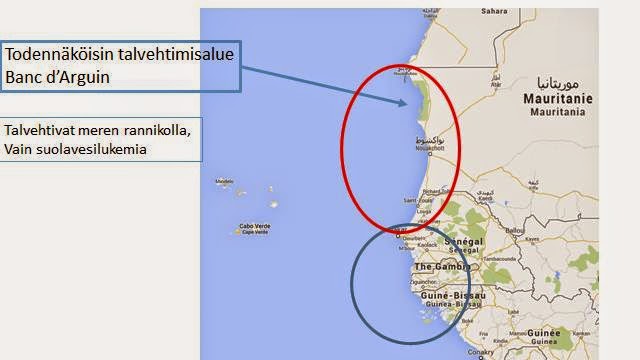 Kun paikannetaan kaikkien geopaikanninlintujen sydäntalvisen sijainnin keskipiste, löytyy Suomen etelänsuosirripopulaation keskeisin talvehtimisalue, Mauritanian Banc d'Arguin, Unescon maailmanperintökohde, kymmenien tuhansien lintuparien pesimäalue ja miljoonien Euraasian kahlaajien talvehtimisseutu. Ja osa Oulun seudun etelänsuosirreistä on voinut talvehtia vieläkin etelämpänä, jopa Senegalissa ja Gambiassa saakka. Ei tiennyt rengastusaineisto tätä! Suomen etelänsuosirrien eteläisin talvilöytö oli ennen tätä Marokon rannikolta, Banc d'Arguinista 1500 km kohti Espanjaa.
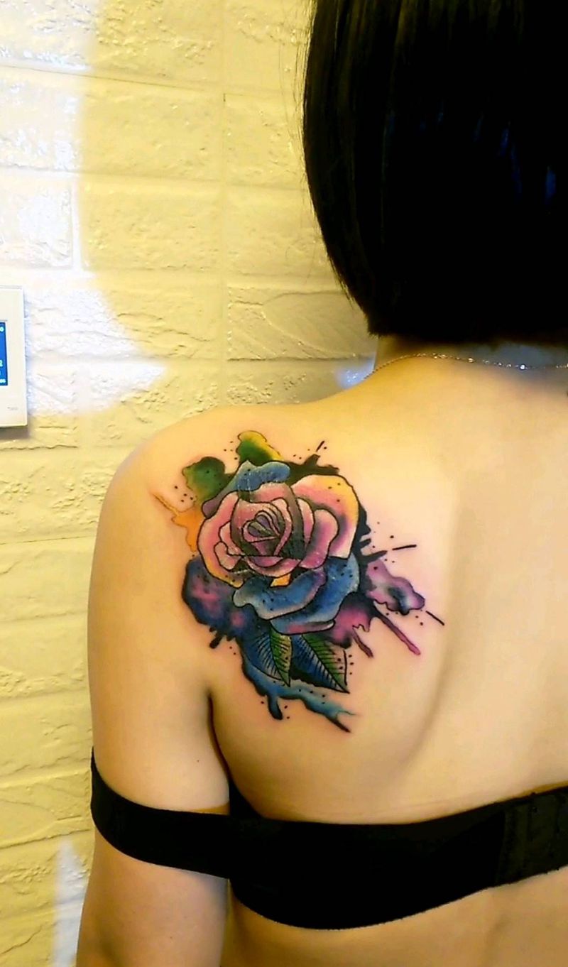 玫瑰花,遮盖作品纹身图片_肩部水彩纹身图案
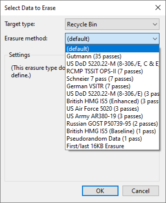 Indicaremos que queremos borrar los archivos de la papelera de reciclaje con el método por defecto. Vemos que hay muchos modos de borrado más intenso.
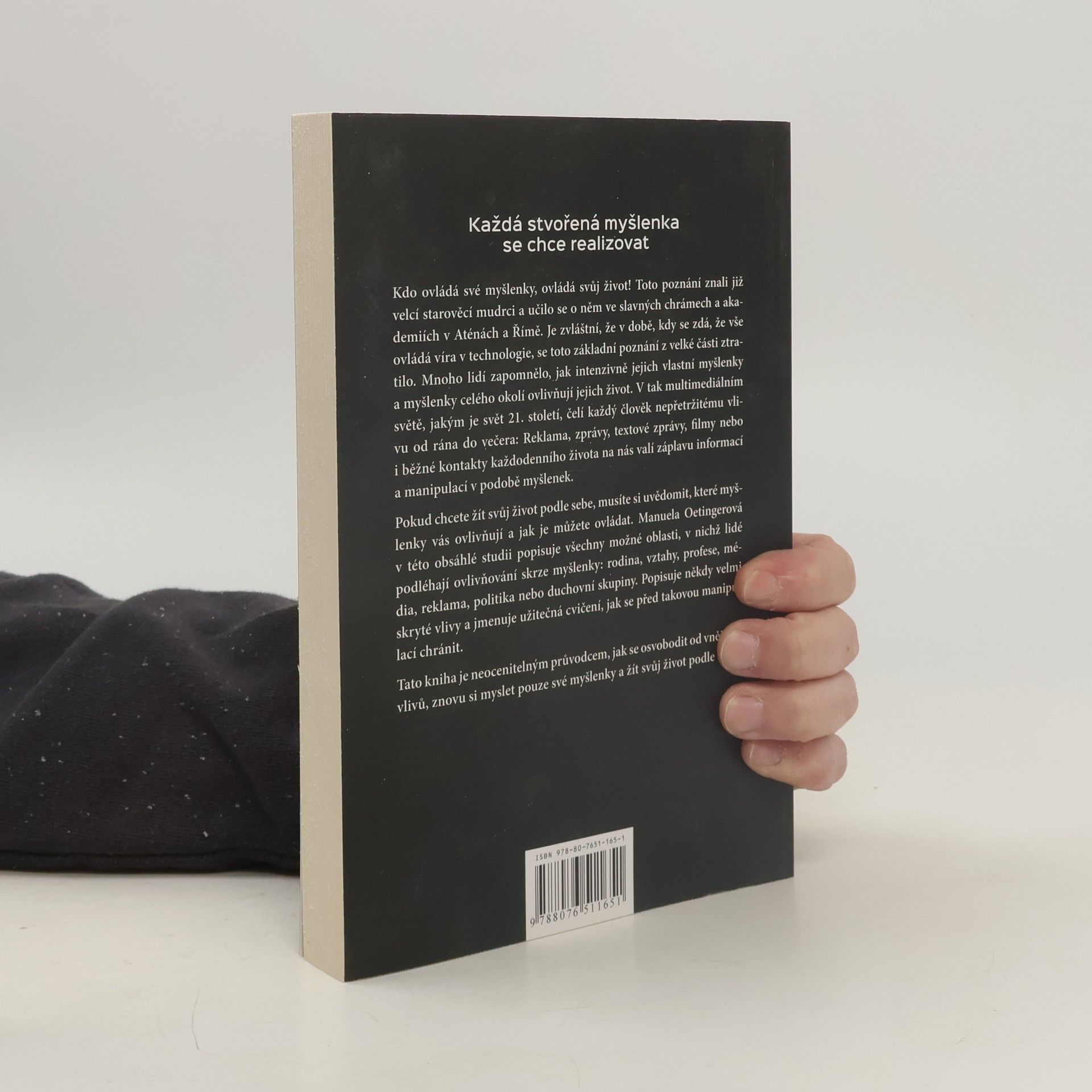 Kdo ovládá své myšlenky, ovládá svůj život! Toto poznání znali již velcí starověcí mudrci a učilo se o něm ve slavných chrámech a akademiích v Aténách a Římě. Je zvláštní, že v době, kdy se zdá, že vše ovládá víra v technologie, se toto základní poznání z velké části ztratilo. Mnoho lidí zapomnělo, jak intenzivně jejich vlastní myšlenky a myšlenky celého okolí ovlivňují jejich život. V tak multimediálním světě, jakým je svět 21. století, čelí každý člověk nepřetržitému vlivu od rána do večera: Reklama, zprávy, textové zprávy, filmy nebo i běžné kontakty každodenního života na nás valí záplavu informací a manipulací v podobě myšlenek. Pokud chcete žít svůj život podle sebe, musíte si uvědomit, které myšlenky vás ovlivňují a jak je můžete ovládat. Manuela Oetingerová v této obsáhlé studii popisuje všechny možné oblasti, v nichž lidé podléhají ovlivňování skrze myšlenky: rodina, vztahy, profese, média, reklama, politika nebo duchovní skupiny. Popisuje někdy velmi skryté vlivy a jmenuje užitečná cvičení, jak se před takovou manipulací chránit. Tato kniha je neocenitelným průvodcem, jak se osvobodit od vnějších vlivů, znovu si myslet pouze své myšlenky a žít svůj život podle sebe!
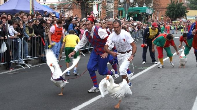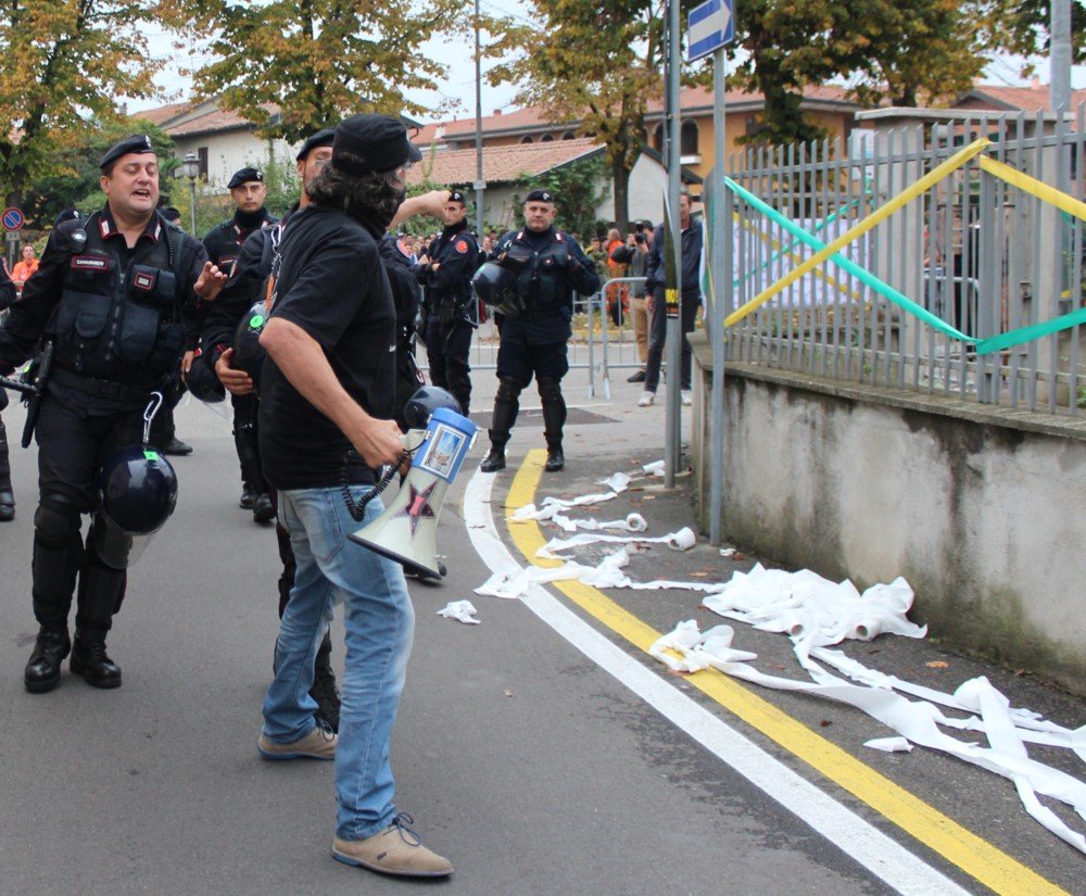 Domenica 12 ottobre militanti di CENTOPERCENTOANIMALISTI hanno tenuto un presidio a Lacchiarella (Milano) dove i bifolchi locali organizzano ogni anno un “Palio delle Oche”: Oche costrette a correre a bacchettate tra le grida degli
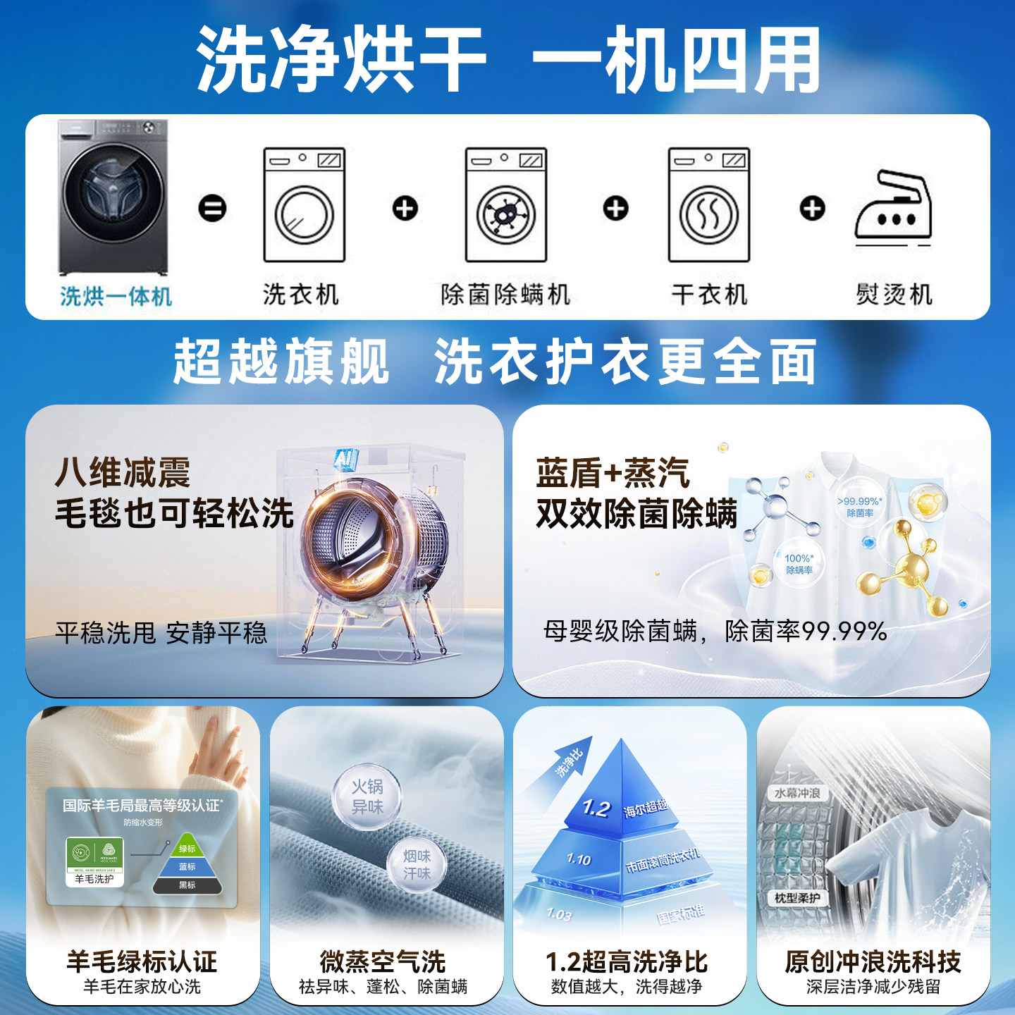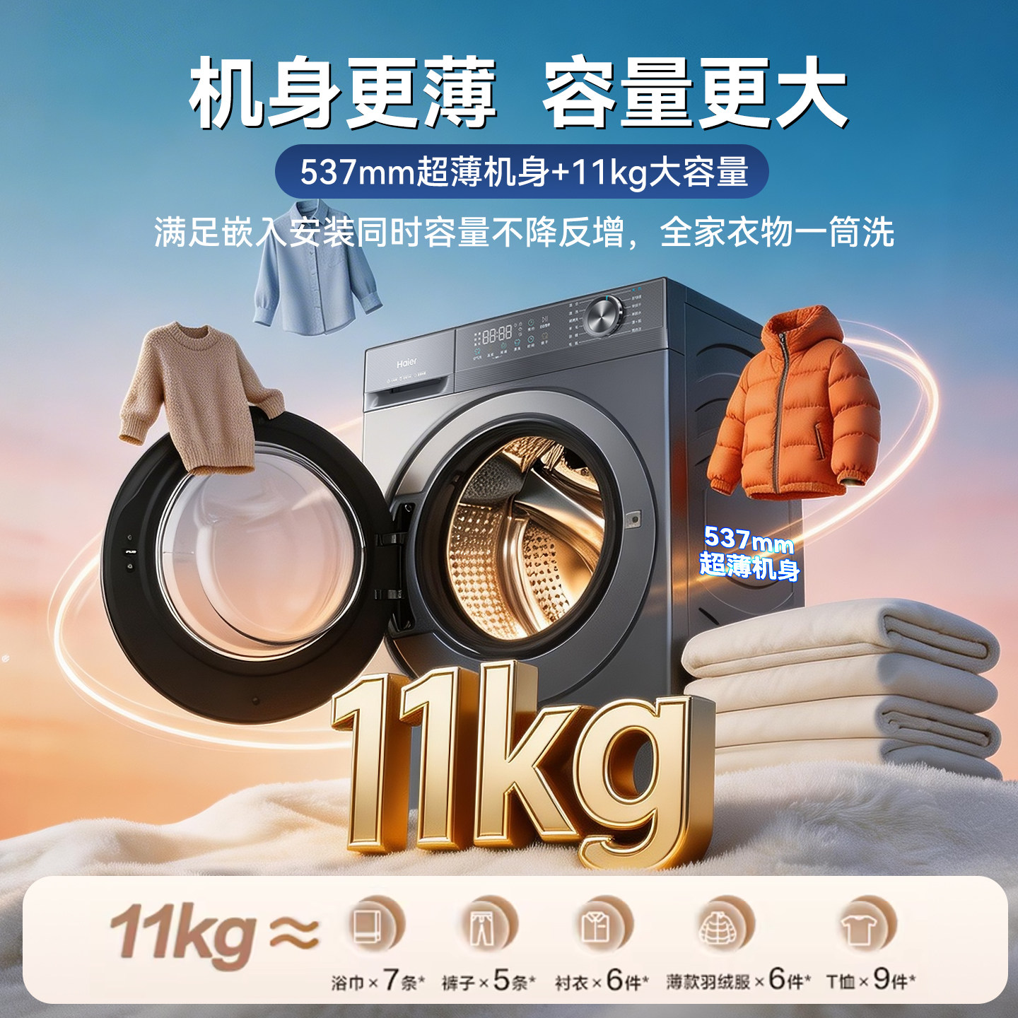 海尔小红花滚筒洗衣机11/13kg大容量洗烘一体超薄家用58E1旗舰店

====

__TASK INSTRUCTIONS__.
Within the entries above, the lines from the one containing "玫瑰花,遮盖作品纹身图片_肩部水彩纹身图案" through the one containing "Indicaremos que queremos" are to be transcribed exactly, ends included, pictures excluded.

__TASK RESULT__.
 玫瑰花,遮盖作品纹身图片_肩部水彩纹身图案
 Indicaremos que queremos borrar los archivos de la papelera de reciclaje con el método por defecto. Vemos que hay muchos modos de borrado más intenso.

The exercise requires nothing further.